- Digital cover

Studio album by Enhypen
- Released: July 12, 2024
- Studios: Carrot Express (Seoul); HYBE (Seoul); Young (Seoul);
- Genres: K-pop; R&B; synth-pop;
- Length: 25:51
- Languages: Korean; English;
- Labels: Belift Lab; Genie Music; Stone Music;
- Producers: Cirkut; Count Baldor; El Capitxn; Heeseung; "Hitman" Bang; Jvke; Mike Daley; Nara (Vendors); Nico Stadi; Pearl Lion; Slow Rabbit; Sweater Beats; Vaughn Oliver; Wonderkid; ZVC;

Enhypen chronology
| Memorabilia (2024) | Romance: Untold (2024) | Desire: Unleash (2025) |

Singles from Romance: Untold
- "XO (Only If You Say Yes)" Released: July 12, 2024;

Repackage edition cover
- Digital cover

Singles from Romance: Untold -Daydream-
- "No Doubt" Released: November 11, 2024;

= Romance: Untold =

Romance: Untold is the second Korean-language and third studio album by South Korean boy band Enhypen, released on July 12, 2024, through Belift Lab. The album consists of nine tracks, including the lead single "XO (Only If You Say Yes)". It reached number one in South Korea, Japan and France, and number two on the US Billboard 200.

The album was reissued as Romance: Untold -Daydream- on November 11, 2024. In addition to the original album, the reissue includes two new songs, including the lead single "No Doubt".

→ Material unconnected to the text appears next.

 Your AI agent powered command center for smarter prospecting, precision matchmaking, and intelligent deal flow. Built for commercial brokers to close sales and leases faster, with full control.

==Background and release==
===Romance: Untold===
On June 16, the logo teaser for Enhypen's second studio album, Romance: Untold, was released, with pre-orders starting the next day. On June 20, two concept cinema posters for the album were posted on the group's official social media accounts, teasing the release of a short film on June 22 in collaboration with director Lee Chung-hyun. Romance: Untold album was released on July 12, 2024.

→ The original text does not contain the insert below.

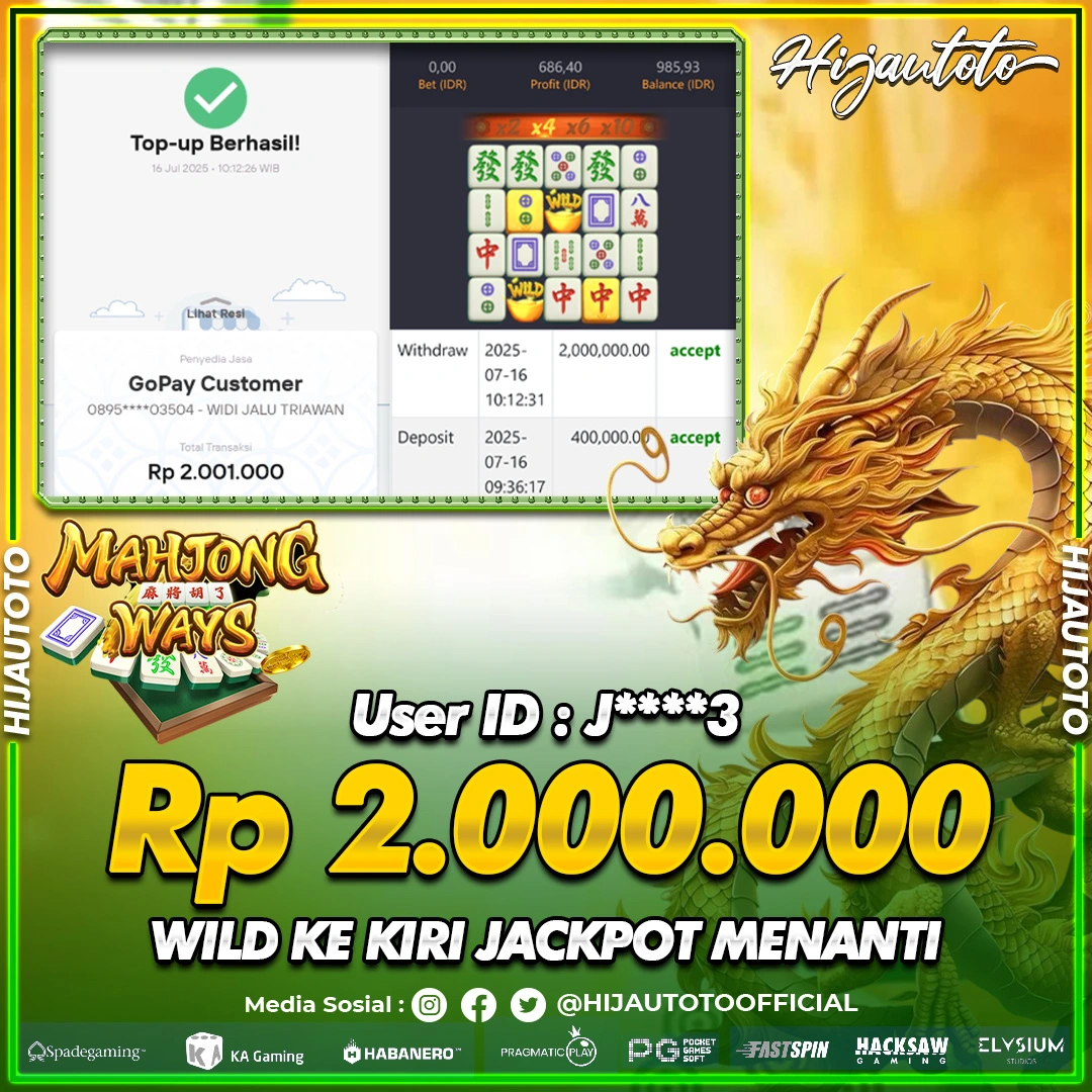 Selamat Kepada Member HIJAUTOTO JU****3 Telah Jackpot Di SLOT MAHJONG WAYS

===Romance: Untold -Daydream-===
On September 25, it was reported that Enhypen would release a repackage of Romance: Untold in November. The repackage, Romance: Untold -Daydream-, was announced on October 14. The repackage adds two new songs, "Daydream" and "No Doubt", with the latter serving as the lead single. The repackage was released on November 11.

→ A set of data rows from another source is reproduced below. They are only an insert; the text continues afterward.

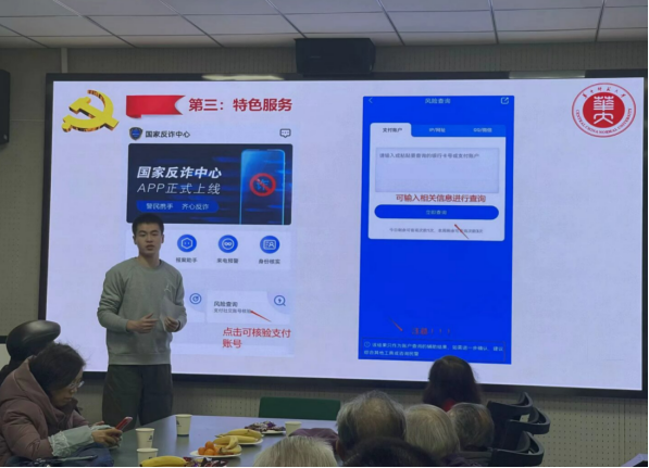 讲座结束后,教育技术学硕士第一党支部俞超同学为退休教师们介绍了八种常见的诈骗手段,用真实案例揭示了诈骗分子的狡猾险恶,并分享了识别和防范诈骗的方法。此外,俞超同学还介绍了国家反诈APP的功能和特点,现场演示了APP的使用方法,引起了与会者的广泛共鸣。大家纷纷表示这次活动不仅让他们认识到了诈骗的危害性,更学会了如何更好地保护财产安全。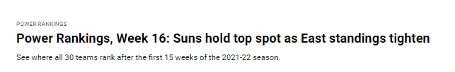 178直播02月01日讯 ,NBA官网公布最新一期球队战力榜,豪取10连胜的太阳稳居第一,灰熊和勇士依旧位列二三位,76人升到第四,篮网跌至第11,湖人排名掉到第20。
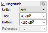 - Scale: Selects between Linear and Logarithmic magnitude scale, available for voltage units.

Additionally, a Japanese edition of the repackage will include Japanese-language versions of "No Doubt" and the band's previous single, "XO (Only If You Say Yes)".

==Critical reception==

Tanu I. Raj of NME described the album as "largely dominated by synthpop and R&B" and felt that the "upbeat energy of 'Brought the Heat Back' is surprisingly aplenty across Romance: Untold, in contrast to the gloomy vibes of the album's teasers". Raj found the chorus of "Royalty" to be "annoying" and "Paranormal" an "awkward addition" for its drum 'n' bass style.

Professional ratings
Review scores
| Source | Rating |
| NME | Star |

==Commercial performance==
The lead single "XO" (Only If You Say Yes) became their third song to debut on the Billboard Global 200 chart at number 84. In the Philippines, the song debuted at number nineteen on the Philippines Billboard Hot 100, it was their first song to enter the chart. It also debuted on the top forty in Japan Hot 100 at number 34. And it debuted at number 90 in Korea Circle chart, and was ranked at number two on the Show Champion show chart

Second single "Brought The Heat Back" debuted at 170 on the Korea Circle chart, and it debuted at number eight on the Billboard World Digital Songs Sales chart. It was ranked at number three on the Show Champion show chart.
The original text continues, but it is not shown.